Через абстрактный экспрессионизм, которому Поллок служил чем-то вроде фирменного знака-символа, американское искусство отмежевалось от своего великого образца – Парижа – и добилось успехов на международном художественном рынке, предложив миру свой собственный, самобытный «контент». За счет европейского ажиотажа вокруг таких имен, как Поллок, Роберт Мазервелл, Марк Ротко или Барнет Ньюмен, Америка разрушила стереотип – широко распространенное мнение о ее бескультурье. Это привело к парадоксальной ситуации: «Если это – искусство, то я – готтентот», – заявил президент Трумэн в 1947 году в Музее современного искусства в Нью-Йорке, и его слова были встречены бурными аплодисментами, потому что эту позицию разделяло большинство его сограждан. Что, однако, не помешало стратегам холодной войны и дальше рассматривать именно это искусство как лучшее средство самоутверждения Америки на международной арене. А поскольку они прекрасно знали, что Конгресс никогда не одобрит выделение необходимых денежных средств на экспорт этого искусства в Европу, они превратили абстрактный экспрессионизм в секретный проект. В итоге как раз те художники, которых в американском Конгрессе клеймили как кощунствующих пачкунов, были использованы генералами внешней политики США, специалистами по психологической войне, в качестве средства эстетической пропаганды. И хотя Ротко, Поллок и Мазервелл считали себя космополитами-радикалами и одинокими индивидуалистами, за границей они в результате целенаправленной выставочной политики стали идеальными представителями Америки.

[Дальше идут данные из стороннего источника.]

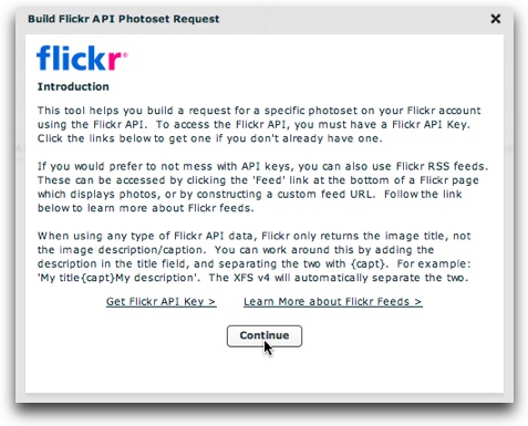 Once you click Continue, you will be prompted to enter the username of the Flickr account which holds the photoset(s) you want to use, and your Flickr API key: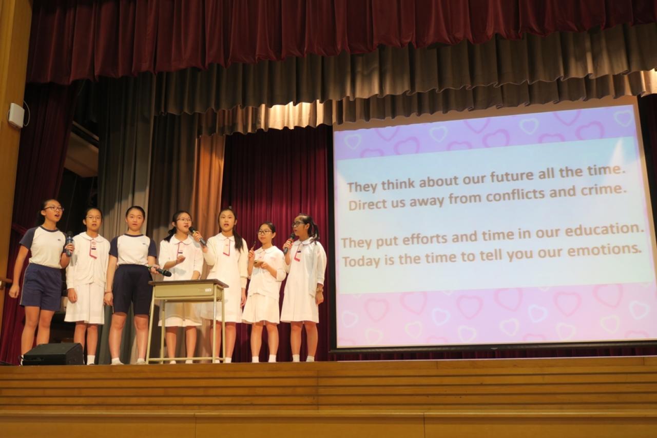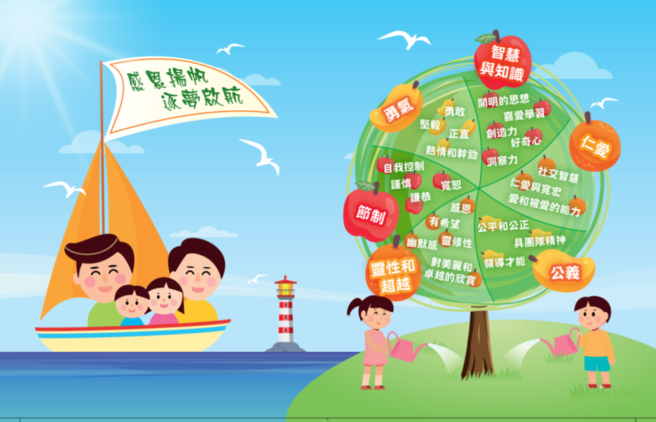 我們透過每天的早會及每星期一節的德育課,以不同的週訓主題及學習活動,亦會與不同科組合作,配合主題進行跨科組協作活動,協助學生建立積極的人生觀,使她們能常懷感恩、欣賞自己,並成為主愛人及愛祖國的良好公民。

Задача была настолько парадоксальной, что ее взяло на себя ЦРУ. Агент Том Брейден руководил отделом секретной службы с ничего не говорящим названием «International Organizations Division», который должен был вести холодную войну средствами искусства и культуры. Под девизом «Чтобы добиться открытости, мы должны действовать тайно» он приступил к выполнению задания, заключавшегося в том, чтобы в условиях конкурентной борьбы двух великих держав за симпатии остального мира бросить на чашу весов художественный авангард. Ряд сотрудников ЦРУ переквалифицировались в арт-агентов, которые так рьяно принялись отправлять лучшие произведения американского экспрессионизма в выставочные турне, на биеннале и в другие музеи в рамках обмена, что залы нью-йоркского Музея современного искусства временами выглядели как общипанные курицы. [356]

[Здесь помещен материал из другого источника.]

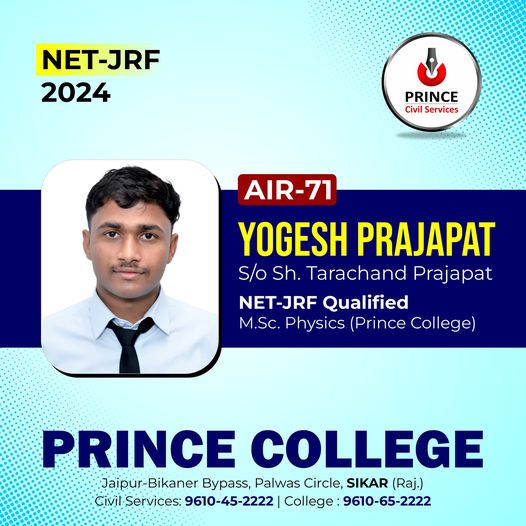 हायर एजुकेशन में बहुत कम स्टूडेंट्स ही जा पाते हैं ऐसे में अगर आप पोस्ट ग्रेजुएशन कर रहे हैं तो NET आपके लिए एक अच्छा ऑप्शन है। जिसको पास कर आप अपने करियर को सिक्योर कर सकते हैं। NET के एग्जाम के बेस पर आप किसी भी कॉलेज में पढ़ा सकते हैं। अगर आप पीएचडी करना चाहते हैं तो JRF सर्टिफिकेट के बेस पर आपको 30।से ज्यादा की हर महीने फेलोशिप मिलती है जिससे आर्थिक कमी महसूस नहीं होगी। अगर आप पोस्ट ग्रेजुएशन के साथ साथ UGC NET की तैयारी करना चाहते हैं सीकर जिले में स्थित प्रिंस कॉलेज आपके लिए एक बेस्ट ऑप्शन बन सकता है। जहां देश की टॉप फ़ैकल्टी व शांत वातावरण में मॉडर्न टेक्नोलॉजी के साथ आप UGC NET JRF की तैयारी कर सकते हैं। अधिक जानकारी के लिए प्रिंस कॉलेज की आधिकारिक वेबसाइट https://princecollegesikar.com/ पर विजिट करें।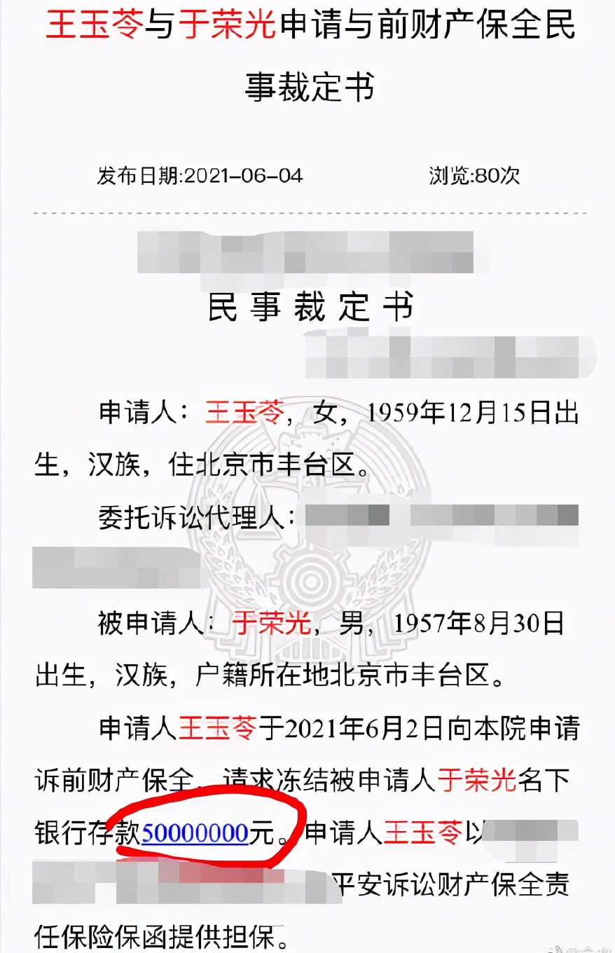有媒体在网上查询后发现早在2021年6月,王玉苓就向法院申请诉前财产保全,请求冻结申请人于荣光名下银行存款5000万,由此看来当时夫妻双方在财产分割这一块有些争议。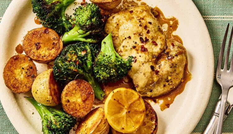 Αυτή η συνταγή για Κοτόπουλο στο Φούρνο με Λεμόνι-Πιπέρι, Μπρόκολο & Πατάτες είναι γρήγορη και εύκολη για τις πολυάσχολες καθημερινές, ενώ είναι αρκετά εκλεπτυσμένη για τους καλεσμένους του Σαββατοκύριακου. Ζουμερά μπούτια κοτόπουλου, πλούσια σε πρωτεΐνη, απορροφούν τη σάλτσα μουστάρδας, σκόρδου, λεμονιού και πιπεριού, η οποία χρησιμεύει επίσης ως επικάλυψη για τα λαχανικά. Οι πατάτες αποκτούν μια χρυσαφένια απόχρωση, ενώ το μπρόκολο αναπτύσσει ένα ελαφρύ κάψιμο από το ψήσιμο, αναδεικνύοντας τη φυσική του γλυκύτητα. Κάθε πιάτο παίρνει ένα ψιλόβρεγμα γρήγορης σάλτσας από λεμόνι, μουστάρδα και ζουμιά του ταψιού, ενώ μια ελαφριά πινελιά από θρυμματισμένο κόκκινο πιπέρι προσθέτει μια προαιρετική τελική νότα θερμότητας. Διαβάστε παρακάτω για τις συμβουλές των ειδικών μας, συμπεριλαμβανομένου του τρόπου για να διασφαλίσετε ότι ψήνετε τα λαχανικά σας και δεν τα ατμίζετε στο φούρνο.

[357]При этом Том Брейден, Майкл Джоссельсон и многие другие культурные агенты ЦРУ работали в густой сети частных и государственных инициатив. Поэтому позже лишь в редких случаях удавалось выяснить, где кончались секретные операции и начиналась традиционная культурная политика министерства иностранных дел. Самым эффективным мероприятием ЦРУ в культурном секторе с замаскированными политическими целями был организованный Мелвином Ласки и Артуром Кёстлером «Конгресс за свободу культуры», в котором с 26 по 30 июля 1950 года приняли участие представители интеллигенции всего мира, чтобы создать манифест против любых проявлений тоталитаризма. Советская пропаганда тем временем успешно закрепила за собой понятие «мир». На всей планете «борцы за мир» сплоченно выступали под знаком белого голубя за запрет атомного оружия, которым в то время располагали только американцы. Этому советскому пропагандистскому успеху международный конгресс должен был решительно противопоставить вновь выдвинутое понятие «свобода».[358]